Neurons are cells in your brain. Shaped like little stars, they flicker and fire off signals to each other. The signals travel up and down the long tendrils, called dendrites, extending out from each point of a neuron’s star-shaped body. Chained into circuits like Christmas lights, neurons’ electrical firing forms the glimmers of our thoughts and actions.
But the process by which an individual neuron decides to fire is not completely understood. Every neuron can receive signals from other brain cells through its dendrites. Some of these excite the neuron, pushing it closer to firing, while others calm it down. A dendrite can add up all the signals it receives, both calming and exciting, and pass the sum on to the cell body of its neuron. The neuron then adds up all the signals from its dendrites and uses that sum to decide whether or not to fire. That’s the process that researchers still don’t entirely understand. To research it, neuroscientists need methods for monitoring electrical signals in the thin dendritic branches. This video shows a new method using light to explore electrical signals in different compartments of a neuron simultaneously. The intensity of the light reveals the voltage in that section of the neuron:
The video shows three consecutive voltage waves (from three nerve impulses) spreading from a neuron’s cell body into its dendrites. The colors represent light intensity. The light intensity is proportional to the voltage on the surface of the neuron; black is the minimal intensity on this scale, and red is maximal intensity.
To track all those electrical signals, neuroscientists used to have to wire up tiny electrodes to thin dendritic branches. But that method is cumbersome and difficult.

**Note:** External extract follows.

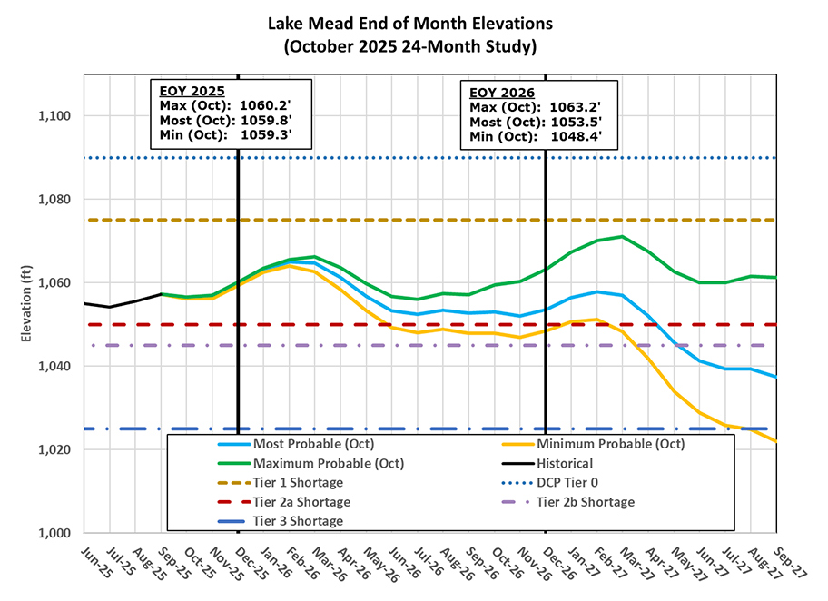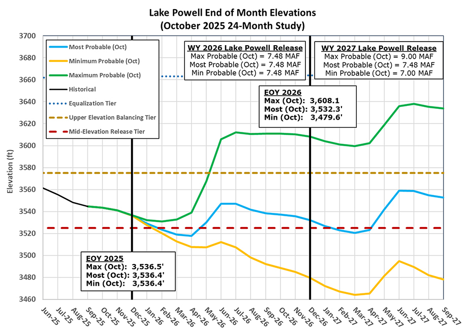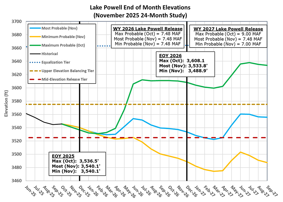 The 24-Month Study, issued by the Bureau of Reclamation, projects future conditions in the Colorado River system extending out 24 months. The Minimum, Most, and Maximum probable elevations are determined using the 90%, 50%, and 10% probable exceedance of unregulated inflow forecasts from the Colorado Basin River Forecast Center, projected reservoir operations as determined by existing policies, and projected water demand schedules.
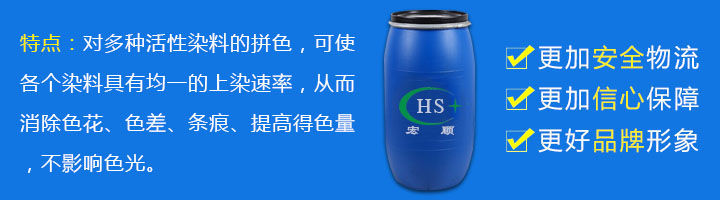 1、对多种活性染料的拼色,可使各个染料具有均一的上染速率,从而消除色花、色差、条痕、提高得色量,不影响色光。具有较强的分散作用,极佳的匀染、剥色效果,对工作浴中的金属离子有螯合分散作用,有效防止染料凝聚,并有极好的复染性。能促进染料之均匀吸收及渗透,减少浮色,节约染料;

More recently, neuroscientists have begun creating fluorescent proteins that make the neuron light up when it receives an electrical signal. That’s what’s being shown in the video. These genetically encoded voltage indicators (GEVIs), have potential to improve our ability to record voltages in neurons. This is what the glow looks like from many neurons fluorescing at the same time:
UConn School of Medicine neuroscientist Srdjan Antic and his colleagues noticed that many GEVIs have been invented, but few people use them. So they obtained as many GEVIs as possible and tested them in three separate ways, and reported the results in eNeuro on 08 September 2020.
First they tested the GEVIs in neurons cultured in a dish. They were able to detect single nerve impulses optically, but the cultured neurons were too variable to be used for systematic comparisons between the GEVIs.
So then they tested the GEVIs in non-neurons, cells called HEK293 cells. These cells are big, grow well in a dish, and were uniform enough to compare GEVIs:
Finally, the Antic lab expressed the GEVIs in animal brains and compared how various GEVIs did in groups of cells.
They found that all the GEVIs worked pretty well, and were easy to see—in large populations of cells. The next step will be to test them in individual neurons, and perhaps even individual dendrites. Because when it comes to information processing in the brain,”the most interesting things happen in dendrites,” says Antic, associate professor of neuroscience at UConn’s medical school.